**Exercise brief**
Retype each line of the data below exactly, beginning with the first and ending with the one that contains "12월에 진행된 온라인". Pictures do not belong in the copy.

**Data below**
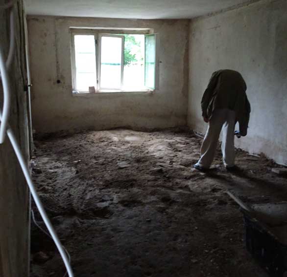 Daneben der Raum mit nun geglättetem Lehm-Boden
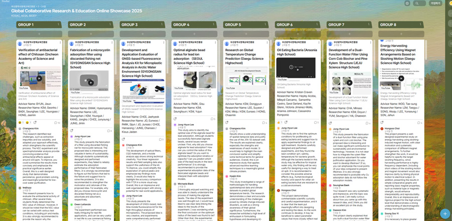12월에 진행된 온라인 성과교류회(Padlet 활용)에서는 총 8개의 그룹 25개팀이 화학, 물리부터 사회과학에 이르는 다양한 주제의 연구결과를 영어로 발표하였다. 모든 학생이 발표에 참여하며 긴밀히 협력했고, 여러 컨설턴트들의 다각적인 온라인 피드백을 통해 자신의 연구를 객관적으로 바라보는 안목을 길렀을 것이라 확신한다.
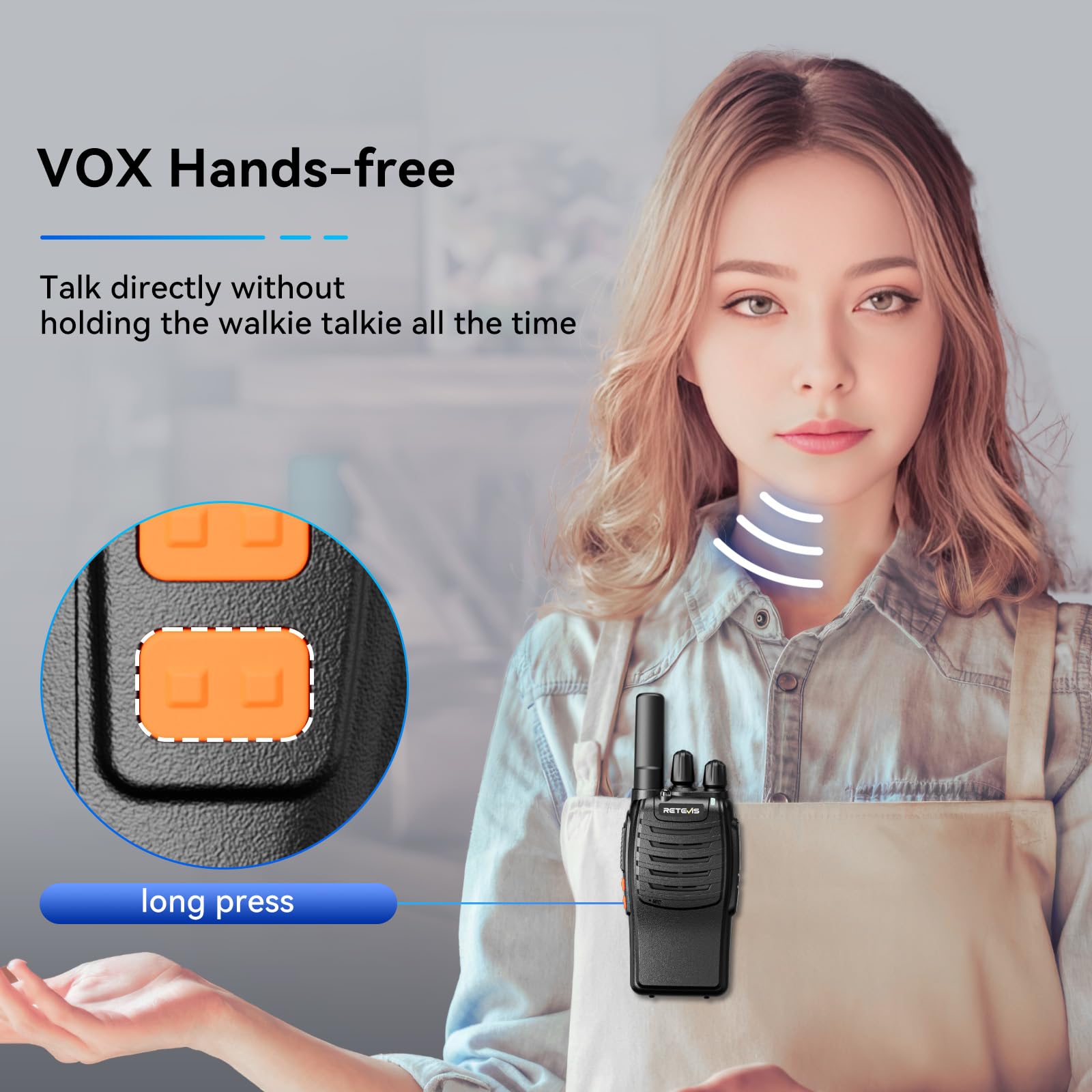 - 【Easy to Use】ready to use out of the box; and functions can be quickly accessed via shortcut keys; VOX; emergency alarm; led flashlight; save time and free the user's hands

**Solution below**
 Daneben der Raum mit nun geglättetem Lehm-Boden
12월에 진행된 온라인 성과교류회(Padlet 활용)에서는 총 8개의 그룹 25개팀이 화학, 물리부터 사회과학에 이르는 다양한 주제의 연구결과를 영어로 발표하였다. 모든 학생이 발표에 참여하며 긴밀히 협력했고, 여러 컨설턴트들의 다각적인 온라인 피드백을 통해 자신의 연구를 객관적으로 바라보는 안목을 길렀을 것이라 확신한다.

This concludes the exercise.